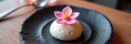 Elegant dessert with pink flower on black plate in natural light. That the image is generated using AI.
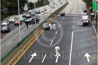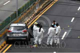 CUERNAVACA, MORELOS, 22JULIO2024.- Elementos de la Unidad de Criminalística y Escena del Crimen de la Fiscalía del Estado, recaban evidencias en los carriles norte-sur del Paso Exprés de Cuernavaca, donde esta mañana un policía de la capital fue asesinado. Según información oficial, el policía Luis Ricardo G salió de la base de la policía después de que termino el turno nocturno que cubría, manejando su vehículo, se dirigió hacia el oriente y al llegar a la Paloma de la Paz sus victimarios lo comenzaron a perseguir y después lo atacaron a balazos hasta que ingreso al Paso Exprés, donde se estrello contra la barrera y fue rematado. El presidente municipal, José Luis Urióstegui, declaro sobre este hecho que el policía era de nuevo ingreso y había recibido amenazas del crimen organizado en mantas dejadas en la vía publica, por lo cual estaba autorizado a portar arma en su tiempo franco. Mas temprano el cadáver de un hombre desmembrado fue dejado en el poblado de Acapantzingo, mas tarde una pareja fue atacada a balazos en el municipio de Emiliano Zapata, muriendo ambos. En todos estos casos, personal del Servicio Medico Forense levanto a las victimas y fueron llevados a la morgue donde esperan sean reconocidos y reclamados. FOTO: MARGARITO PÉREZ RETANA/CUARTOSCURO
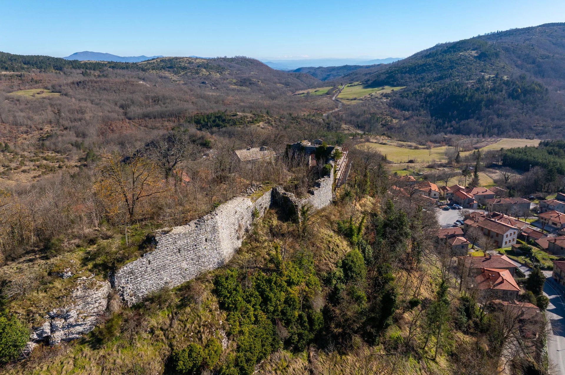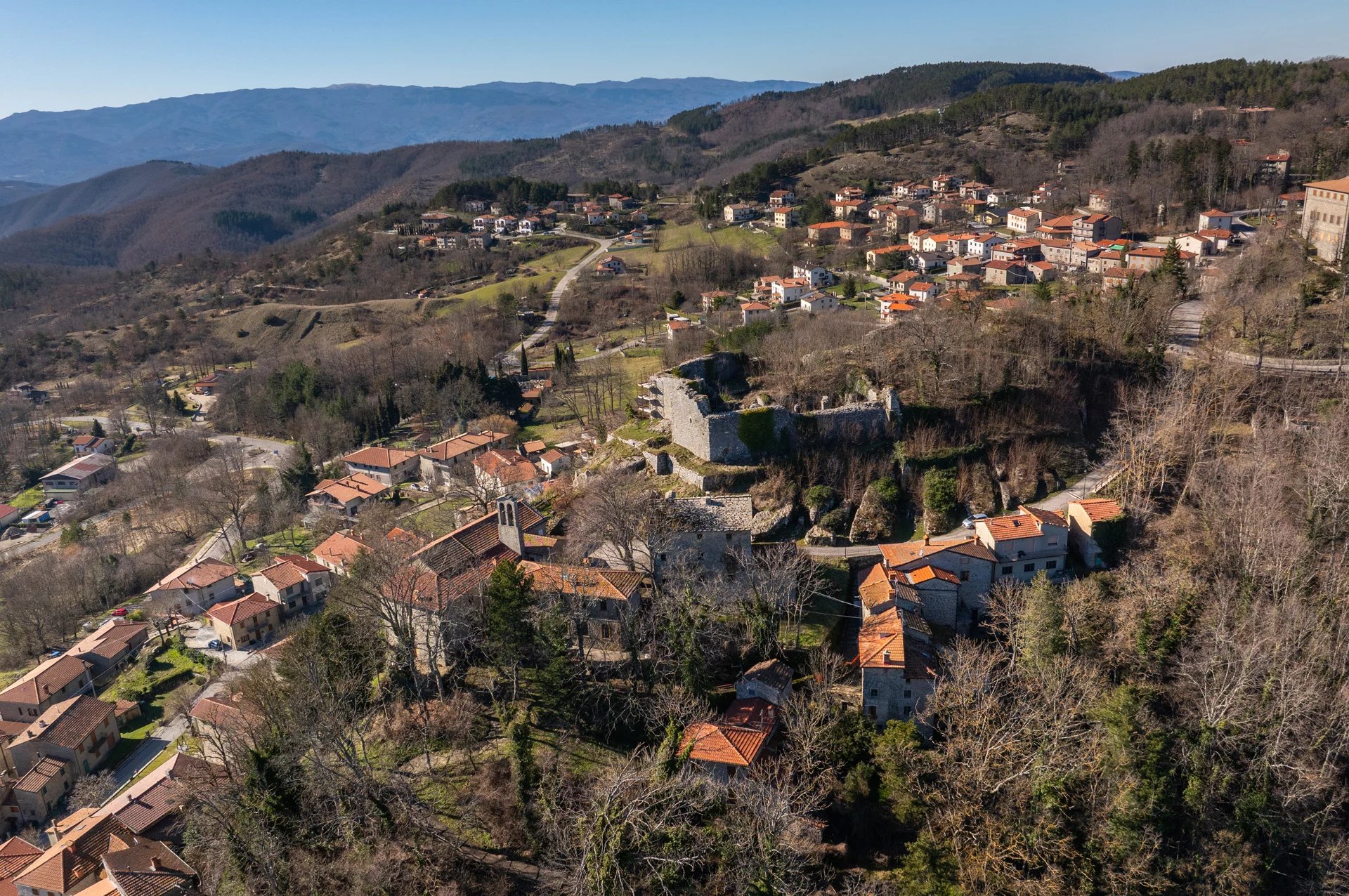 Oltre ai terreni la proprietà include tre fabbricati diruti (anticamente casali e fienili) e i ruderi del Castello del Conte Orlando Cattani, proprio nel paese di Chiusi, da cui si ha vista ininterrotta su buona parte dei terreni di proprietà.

* _THE PROBLEM_:
Please retype the listing exactly, leaving out any images.

* _SOLUTION TO THE EXERCISE_:
 Elegant dessert with pink flower on black plate in natural light. That the image is generated using AI.
 CUERNAVACA, MORELOS, 22JULIO2024.- Elementos de la Unidad de Criminalística y Escena del Crimen de la Fiscalía del Estado, recaban evidencias en los carriles norte-sur del Paso Exprés de Cuernavaca, donde esta mañana un policía de la capital fue asesinado. Según información oficial, el policía Luis Ricardo G salió de la base de la policía después de que termino el turno nocturno que cubría, manejando su vehículo, se dirigió hacia el oriente y al llegar a la Paloma de la Paz sus victimarios lo comenzaron a perseguir y después lo atacaron a balazos hasta que ingreso al Paso Exprés, donde se estrello contra la barrera y fue rematado. El presidente municipal, José Luis Urióstegui, declaro sobre este hecho que el policía era de nuevo ingreso y había recibido amenazas del crimen organizado en mantas dejadas en la vía publica, por lo cual estaba autorizado a portar arma en su tiempo franco. Mas temprano el cadáver de un hombre desmembrado fue dejado en el poblado de Acapantzingo, mas tarde una pareja fue atacada a balazos en el municipio de Emiliano Zapata, muriendo ambos. En todos estos casos, personal del Servicio Medico Forense levanto a las victimas y fueron llevados a la morgue donde esperan sean reconocidos y reclamados. FOTO: MARGARITO PÉREZ RETANA/CUARTOSCURO
 Oltre ai terreni la proprietà include tre fabbricati diruti (anticamente casali e fienili) e i ruderi del Castello del Conte Orlando Cattani, proprio nel paese di Chiusi, da cui si ha vista ininterrotta su buona parte dei terreni di proprietà.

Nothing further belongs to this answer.